> [What you need to do] Each entry must be given again exactly as it appears, with images excluded.

=====

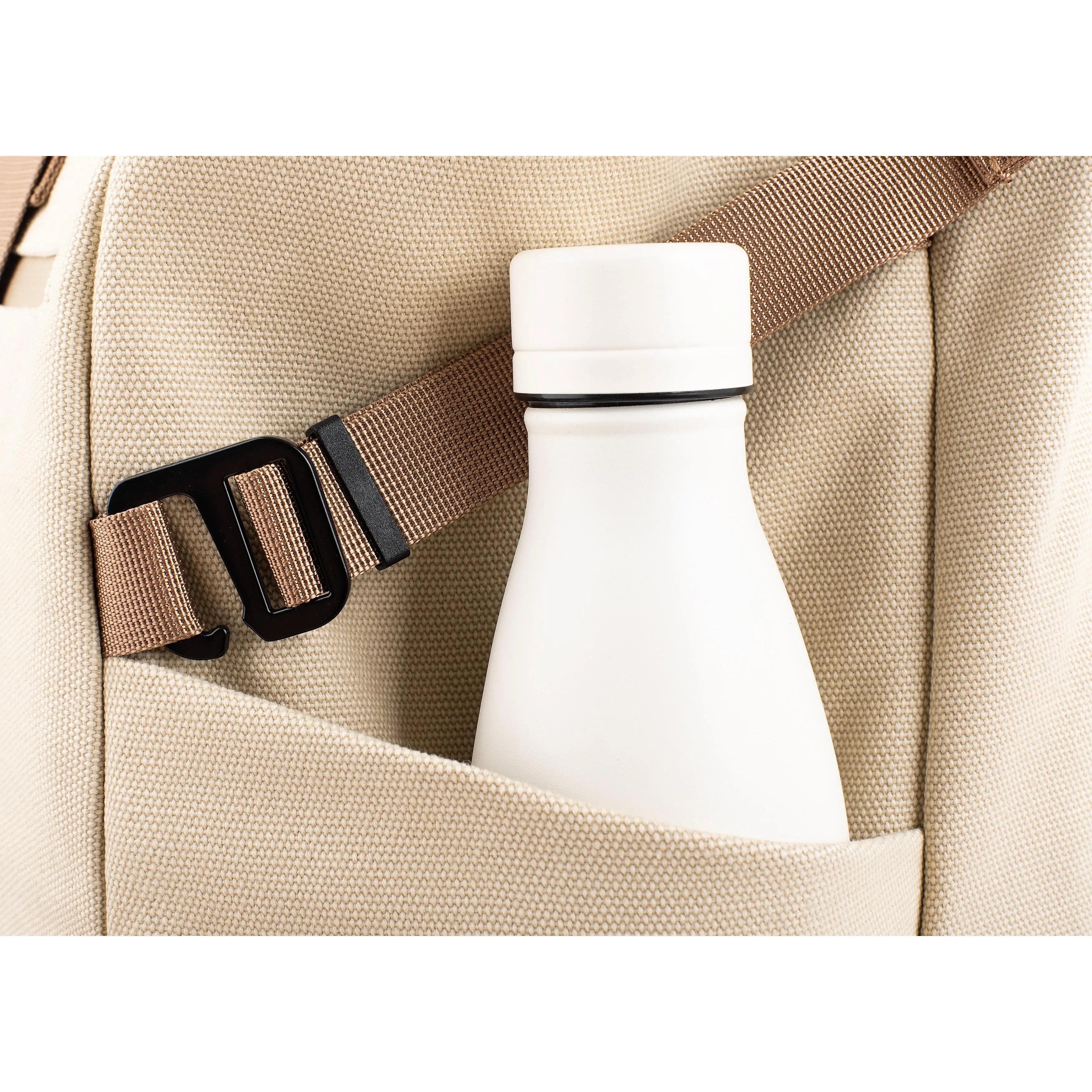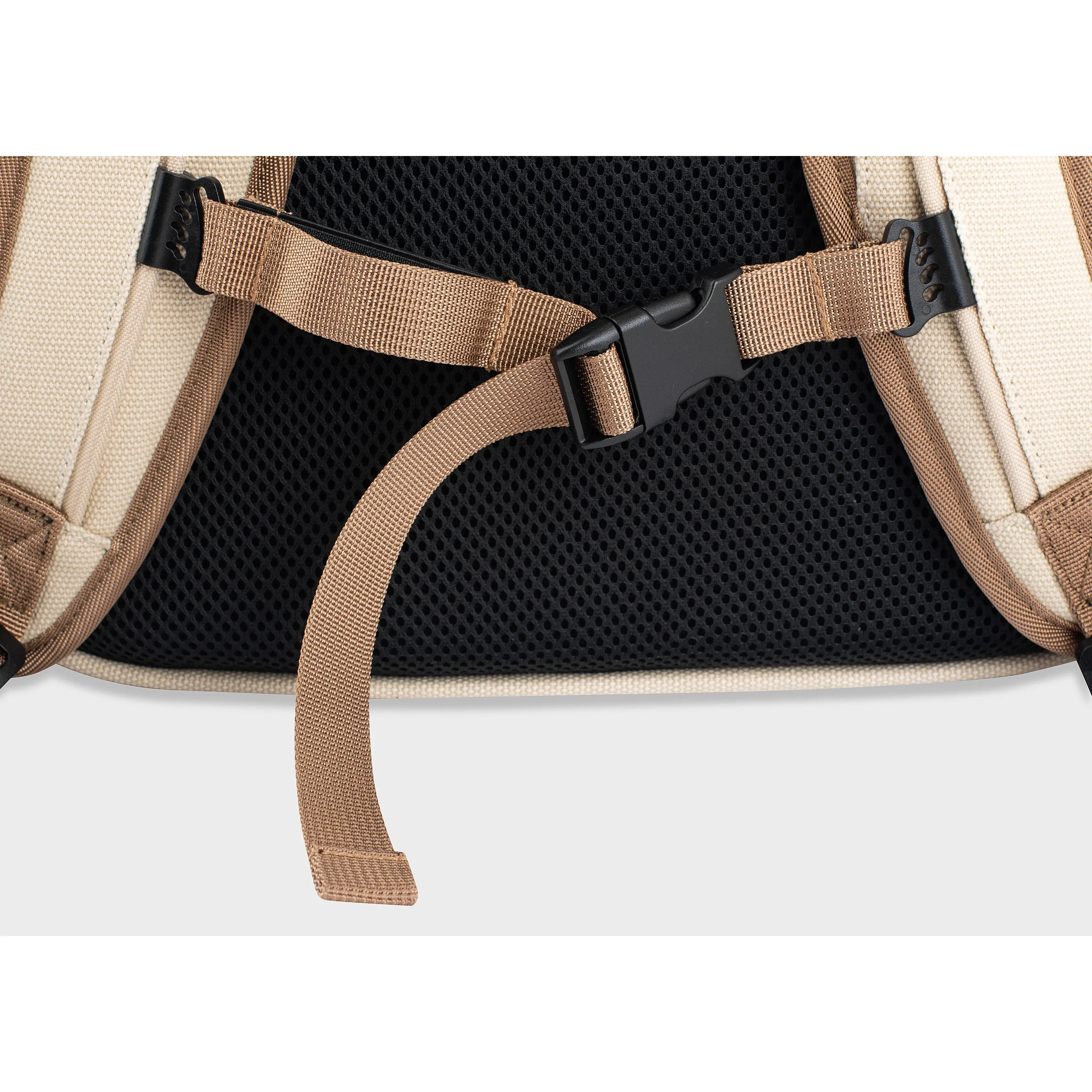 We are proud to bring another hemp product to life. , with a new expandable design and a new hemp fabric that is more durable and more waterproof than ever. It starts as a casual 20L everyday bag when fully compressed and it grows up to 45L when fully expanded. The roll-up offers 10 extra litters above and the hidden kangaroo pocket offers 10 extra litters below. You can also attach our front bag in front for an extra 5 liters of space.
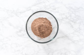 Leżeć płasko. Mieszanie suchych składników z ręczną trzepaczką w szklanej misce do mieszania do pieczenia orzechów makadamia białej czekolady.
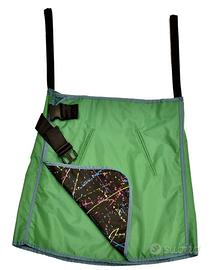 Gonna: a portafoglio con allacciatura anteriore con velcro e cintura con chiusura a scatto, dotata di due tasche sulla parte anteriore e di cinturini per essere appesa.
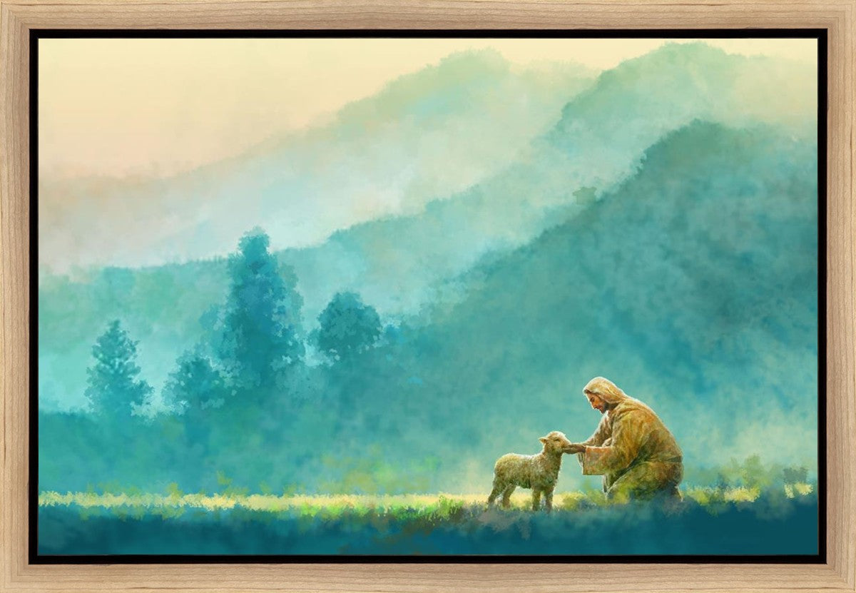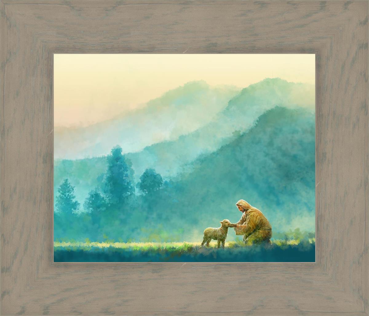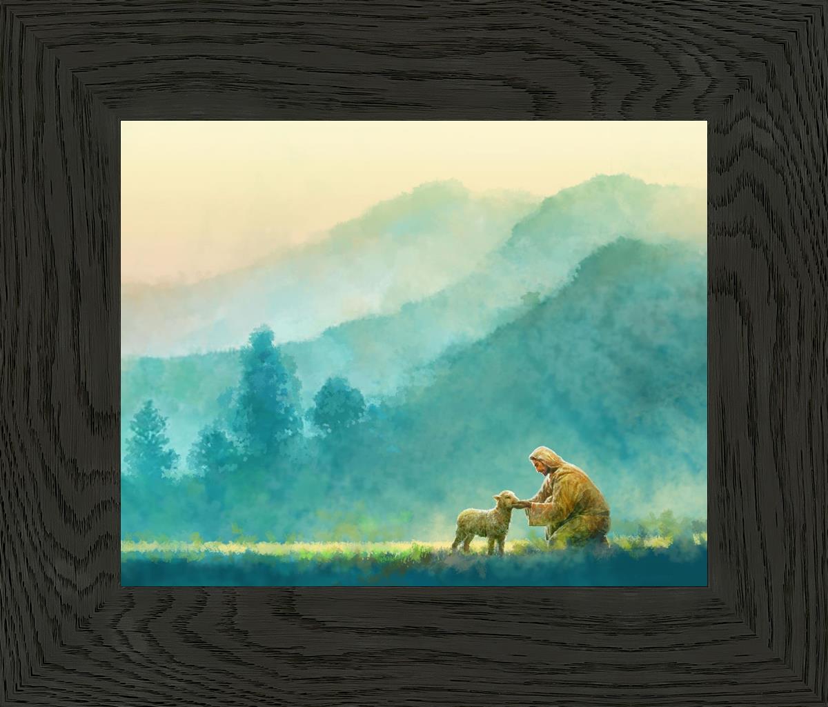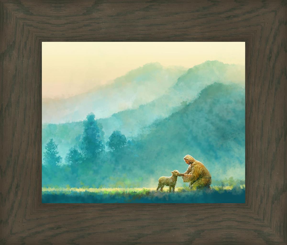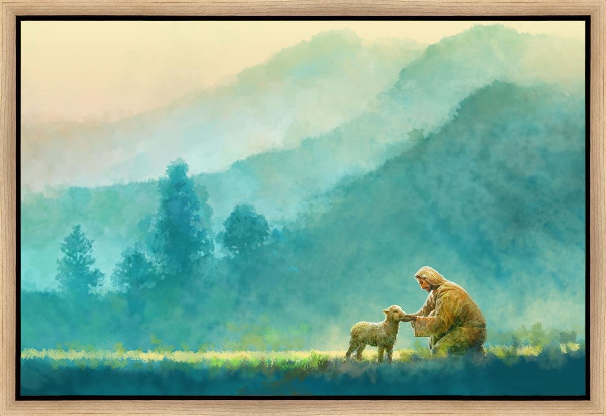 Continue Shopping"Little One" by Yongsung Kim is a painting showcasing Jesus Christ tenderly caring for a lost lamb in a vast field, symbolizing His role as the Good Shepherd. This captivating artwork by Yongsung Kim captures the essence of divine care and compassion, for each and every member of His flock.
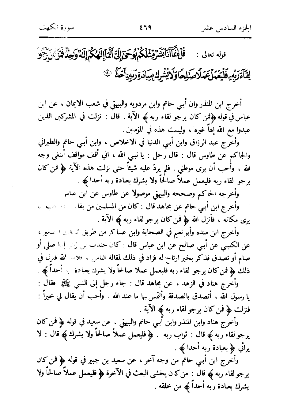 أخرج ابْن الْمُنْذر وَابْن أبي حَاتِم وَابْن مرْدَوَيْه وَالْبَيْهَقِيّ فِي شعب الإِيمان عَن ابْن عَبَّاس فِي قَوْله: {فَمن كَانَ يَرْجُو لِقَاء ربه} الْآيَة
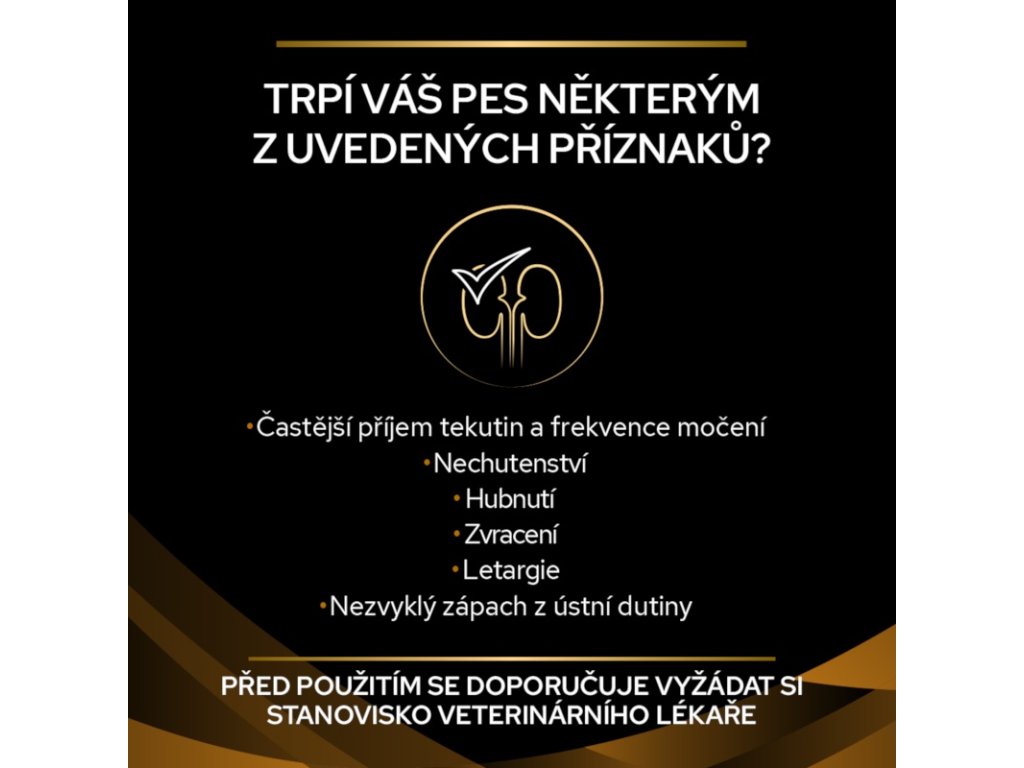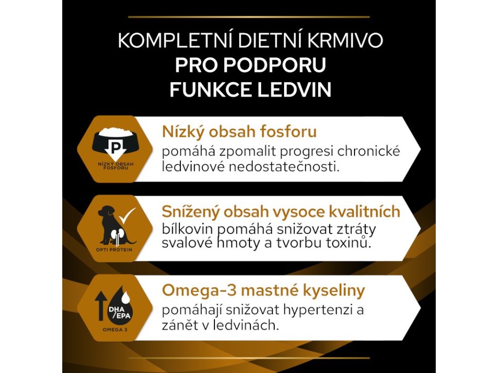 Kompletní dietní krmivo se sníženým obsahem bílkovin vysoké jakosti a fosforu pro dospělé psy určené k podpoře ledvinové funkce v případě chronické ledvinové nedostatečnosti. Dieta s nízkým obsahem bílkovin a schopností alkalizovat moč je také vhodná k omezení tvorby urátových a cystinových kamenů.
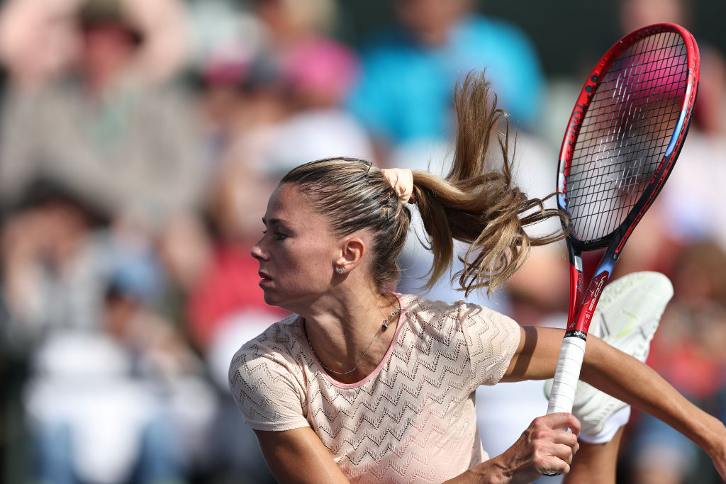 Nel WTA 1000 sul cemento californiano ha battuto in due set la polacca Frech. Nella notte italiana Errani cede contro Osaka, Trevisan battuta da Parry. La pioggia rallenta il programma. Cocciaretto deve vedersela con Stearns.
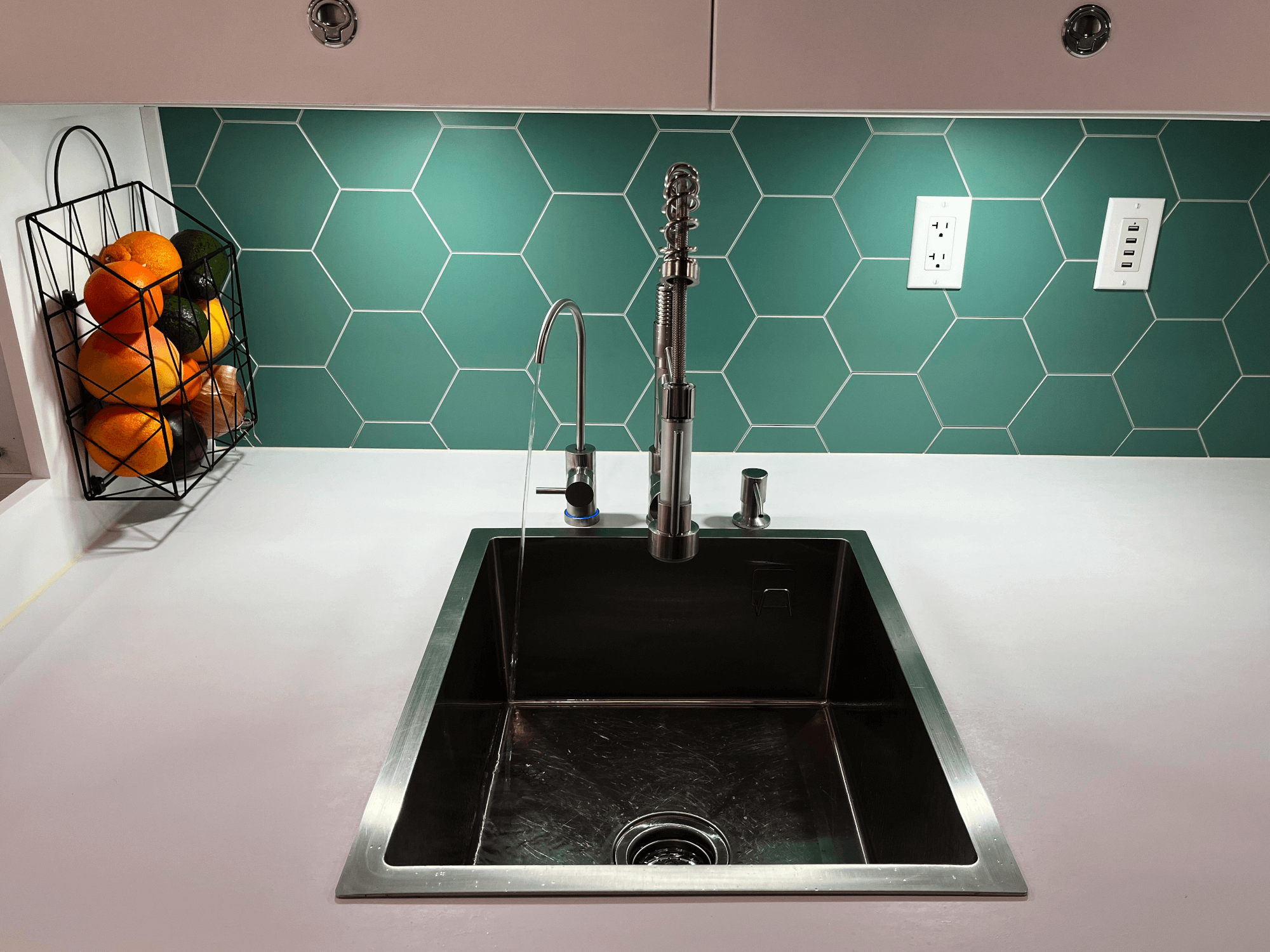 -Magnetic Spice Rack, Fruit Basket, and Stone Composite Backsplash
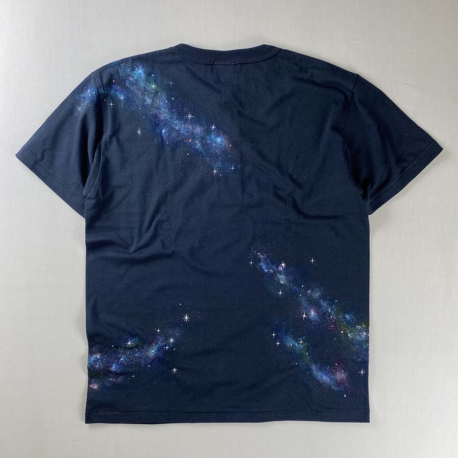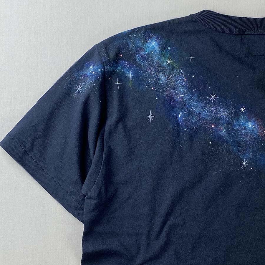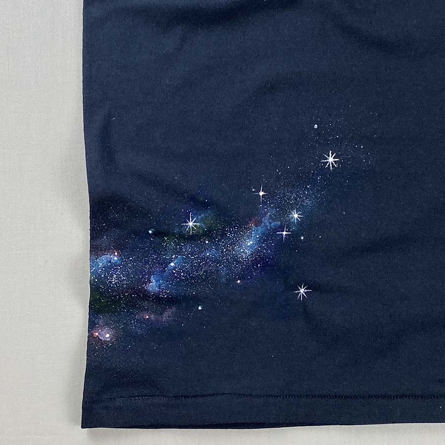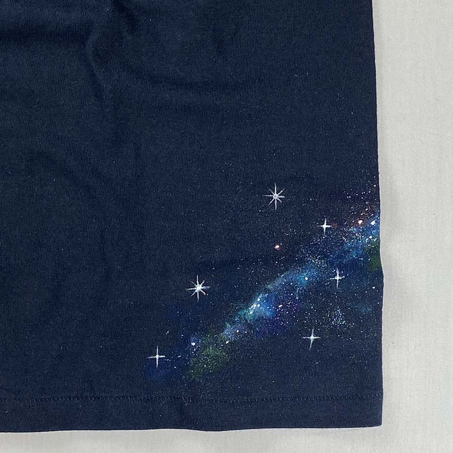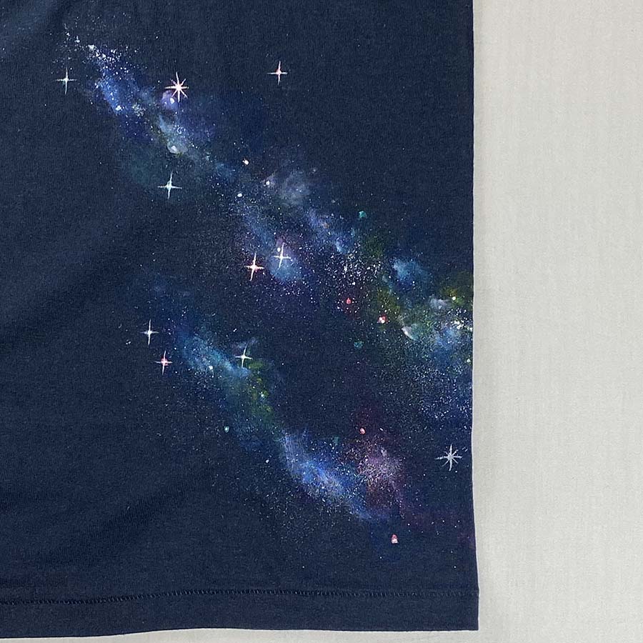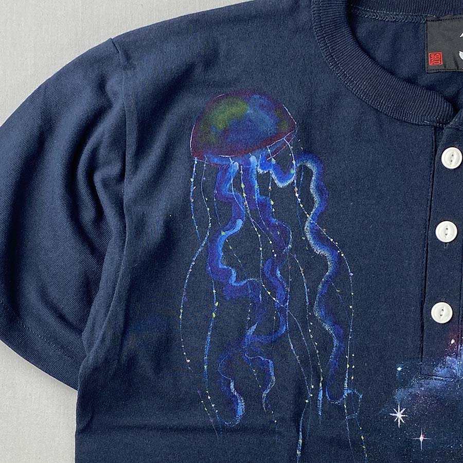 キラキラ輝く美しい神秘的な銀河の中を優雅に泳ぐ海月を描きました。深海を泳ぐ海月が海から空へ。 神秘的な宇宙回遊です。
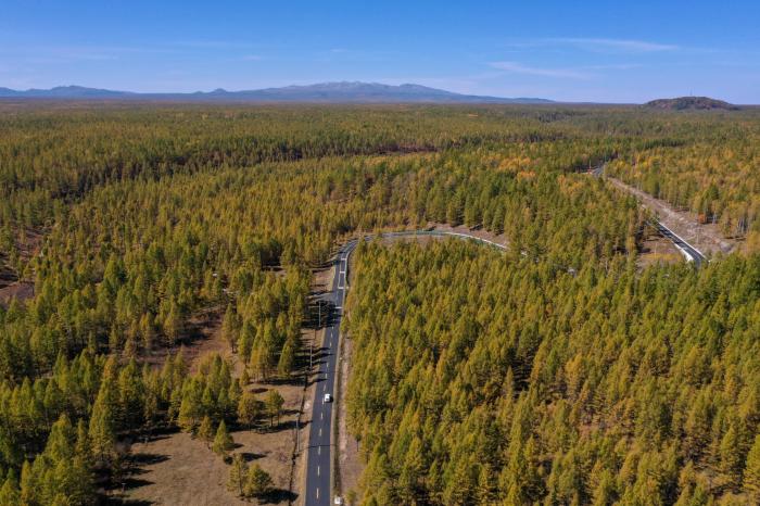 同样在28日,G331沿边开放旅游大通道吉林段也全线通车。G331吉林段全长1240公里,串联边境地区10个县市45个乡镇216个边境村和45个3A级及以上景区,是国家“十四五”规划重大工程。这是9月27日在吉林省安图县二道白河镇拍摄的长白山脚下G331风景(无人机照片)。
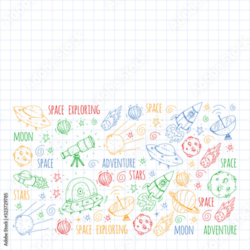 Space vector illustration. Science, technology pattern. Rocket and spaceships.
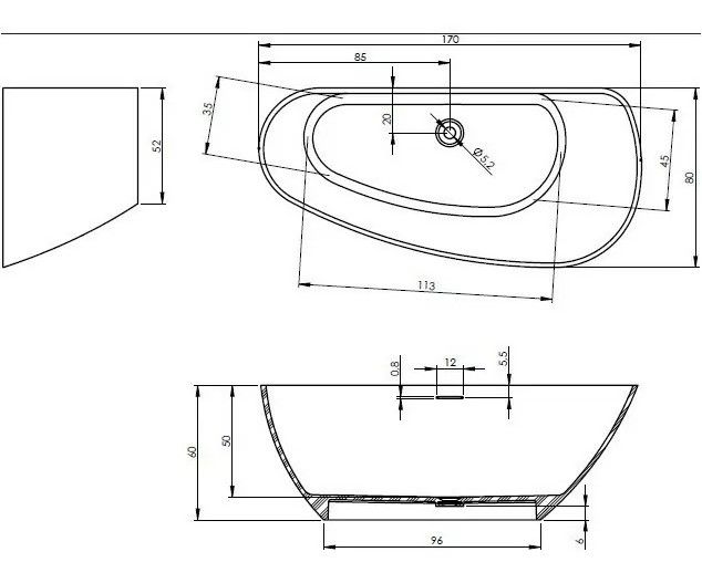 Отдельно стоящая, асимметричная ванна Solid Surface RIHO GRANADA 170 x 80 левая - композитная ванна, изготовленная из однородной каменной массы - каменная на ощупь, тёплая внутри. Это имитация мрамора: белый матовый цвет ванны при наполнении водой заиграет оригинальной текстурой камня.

=====

> [Answer space]
 We are proud to bring another hemp product to life. , with a new expandable design and a new hemp fabric that is more durable and more waterproof than ever. It starts as a casual 20L everyday bag when fully compressed and it grows up to 45L when fully expanded. The roll-up offers 10 extra litters above and the hidden kangaroo pocket offers 10 extra litters below. You can also attach our front bag in front for an extra 5 liters of space.
 Leżeć płasko. Mieszanie suchych składników z ręczną trzepaczką w szklanej misce do mieszania do pieczenia orzechów makadamia białej czekolady.
 Gonna: a portafoglio con allacciatura anteriore con velcro e cintura con chiusura a scatto, dotata di due tasche sulla parte anteriore e di cinturini per essere appesa.
 Continue Shopping"Little One" by Yongsung Kim is a painting showcasing Jesus Christ tenderly caring for a lost lamb in a vast field, symbolizing His role as the Good Shepherd. This captivating artwork by Yongsung Kim captures the essence of divine care and compassion, for each and every member of His flock.
 أخرج ابْن الْمُنْذر وَابْن أبي حَاتِم وَابْن مرْدَوَيْه وَالْبَيْهَقِيّ فِي شعب الإِيمان عَن ابْن عَبَّاس فِي قَوْله: {فَمن كَانَ يَرْجُو لِقَاء ربه} الْآيَة
 Kompletní dietní krmivo se sníženým obsahem bílkovin vysoké jakosti a fosforu pro dospělé psy určené k podpoře ledvinové funkce v případě chronické ledvinové nedostatečnosti. Dieta s nízkým obsahem bílkovin a schopností alkalizovat moč je také vhodná k omezení tvorby urátových a cystinových kamenů.
 Nel WTA 1000 sul cemento californiano ha battuto in due set la polacca Frech. Nella notte italiana Errani cede contro Osaka, Trevisan battuta da Parry. La pioggia rallenta il programma. Cocciaretto deve vedersela con Stearns.
 -Magnetic Spice Rack, Fruit Basket, and Stone Composite Backsplash
 キラキラ輝く美しい神秘的な銀河の中を優雅に泳ぐ海月を描きました。深海を泳ぐ海月が海から空へ。 神秘的な宇宙回遊です。
 同样在28日,G331沿边开放旅游大通道吉林段也全线通车。G331吉林段全长1240公里,串联边境地区10个县市45个乡镇216个边境村和45个3A级及以上景区,是国家“十四五”规划重大工程。这是9月27日在吉林省安图县二道白河镇拍摄的长白山脚下G331风景(无人机照片)。
 Space vector illustration. Science, technology pattern. Rocket and spaceships.
 Отдельно стоящая, асимметричная ванна Solid Surface RIHO GRANADA 170 x 80 левая - композитная ванна, изготовленная из однородной каменной массы - каменная на ощупь, тёплая внутри. Это имитация мрамора: белый матовый цвет ванны при наполнении водой заиграет оригинальной текстурой камня.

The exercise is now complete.